Now you have to be pretty old to really remember the tram network, and I’m about 20 or 30 years too young to have seen it in operation, though I do remember some bits of line were still visible when I was a child in the 1970s and 1980s.

But many of us know that there used to be a lot of trams around, perhaps without being able to fully visiualise just how many, then a year or so ago designer Cornelius Blank decided to make a modern metro-style transit map of the network. I think it really drives things home using a design language that many of us find easier to relate to than the more old-fashioned network maps that were previously available.

It breaks my heart to look at that network and imagine how different Auckland would be today.

The lines were everywhere. You could take a tram to Parnell, or Meadowbank, or Ponsonby, or even much further afield to Avondale, Mt Albert, or Onehunga, and there are stories that the trams were so popular and convenient that you’d often be able to see the next tram coming when you were getting on the one already at your stop.

But then in the 1940s and 1950s in a move of vandalism on an epic scale the lines were all closed, then the rails were gradually ripped up or paved over.
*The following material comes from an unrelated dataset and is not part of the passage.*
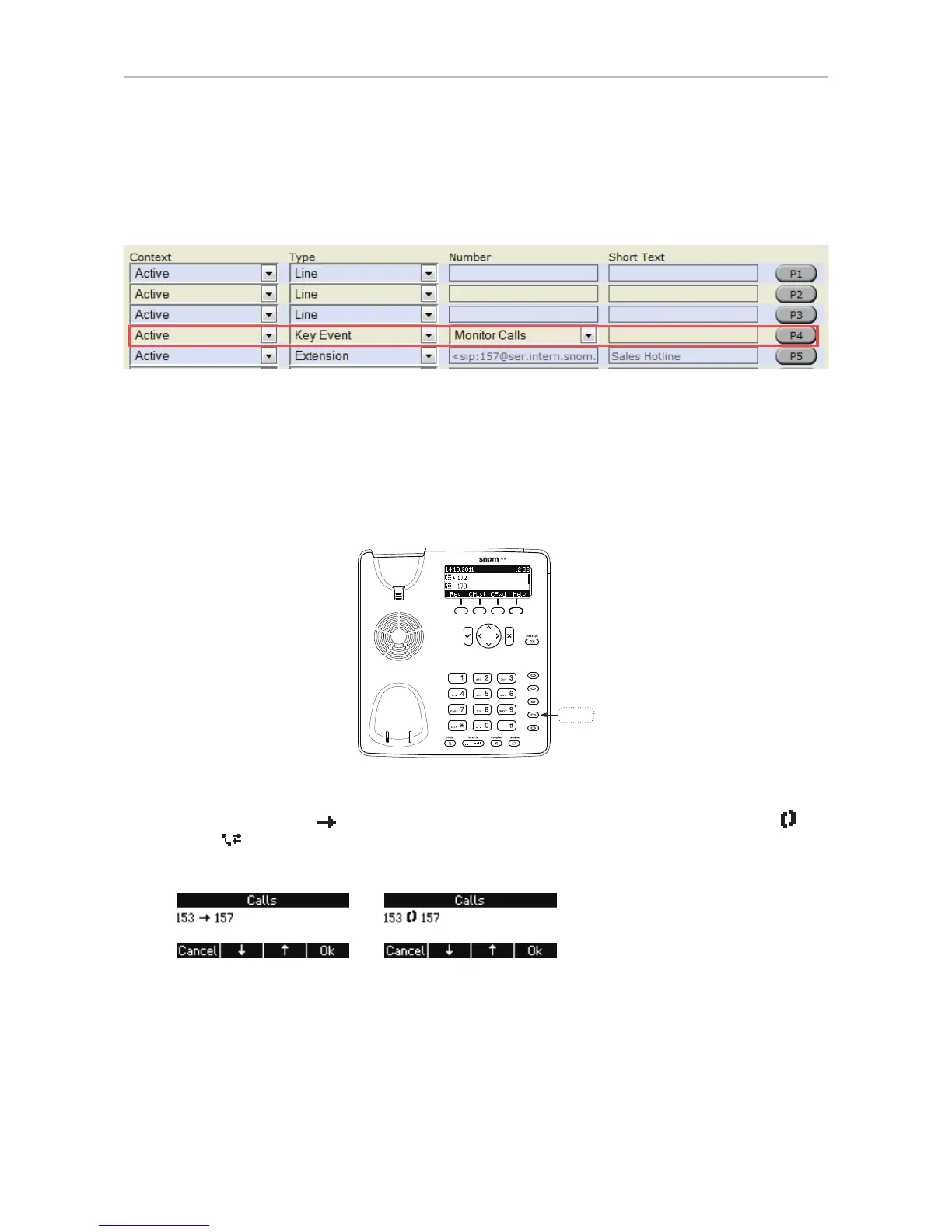 display, for example the number of an incoming call to that extension or line. In our example, key P4 will

Now, to be totally clear about this some of the tram lines were economic failures – there weren’t enough people for them to operate. The Devonport line in particular lived and died over just a couple of years – but it was a horse drawn line in 1880s Devonport, 70 years before the harbour bridge opened up the shore. But other lines, popular, successful lines, were also shuttered and destroyed, with the now nameless bureaucrats claiming that we’d have a more modern transport network if we adopted diesel buses rather than continuing with the clean electric trams.

We now know with the certainty of hindsight what I’m sure many knew back then: this was a preposterous notion and a failure on an historic level.

But it’s a failure that we can start to correct if we wish it. It will take time, but we can do it.

I wish it.

 

Metro-style Auckland Historical Tram network map created by Cornelius Blank, used with permission.